Given material:
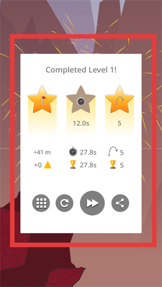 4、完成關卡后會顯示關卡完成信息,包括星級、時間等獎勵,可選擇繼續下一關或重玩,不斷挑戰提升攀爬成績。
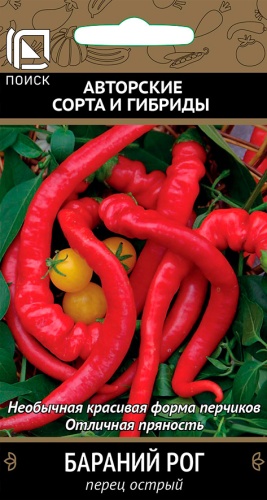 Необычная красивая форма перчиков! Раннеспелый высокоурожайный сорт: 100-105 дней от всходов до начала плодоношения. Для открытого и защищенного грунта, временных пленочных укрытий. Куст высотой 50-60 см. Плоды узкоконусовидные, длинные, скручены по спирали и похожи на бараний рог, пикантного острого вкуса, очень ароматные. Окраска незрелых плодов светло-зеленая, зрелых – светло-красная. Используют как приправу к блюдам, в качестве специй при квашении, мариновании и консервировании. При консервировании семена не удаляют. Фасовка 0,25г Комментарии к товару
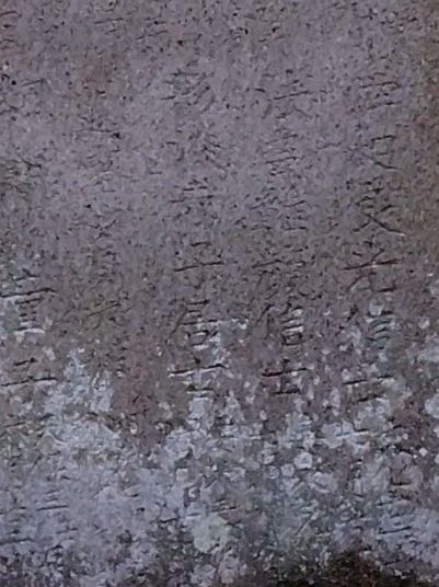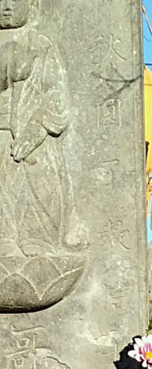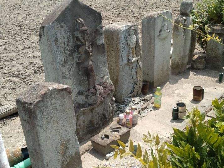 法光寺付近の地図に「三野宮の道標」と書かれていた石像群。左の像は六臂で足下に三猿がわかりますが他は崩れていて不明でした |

To do: Leaving every picture aside, repeat the listing exactly.

Expected answer:
 4、完成關卡后會顯示關卡完成信息,包括星級、時間等獎勵,可選擇繼續下一關或重玩,不斷挑戰提升攀爬成績。
 Необычная красивая форма перчиков! Раннеспелый высокоурожайный сорт: 100-105 дней от всходов до начала плодоношения. Для открытого и защищенного грунта, временных пленочных укрытий. Куст высотой 50-60 см. Плоды узкоконусовидные, длинные, скручены по спирали и похожи на бараний рог, пикантного острого вкуса, очень ароматные. Окраска незрелых плодов светло-зеленая, зрелых – светло-красная. Используют как приправу к блюдам, в качестве специй при квашении, мариновании и консервировании. При консервировании семена не удаляют. Фасовка 0,25г Комментарии к товару
 法光寺付近の地図に「三野宮の道標」と書かれていた石像群。左の像は六臂で足下に三猿がわかりますが他は崩れていて不明でした |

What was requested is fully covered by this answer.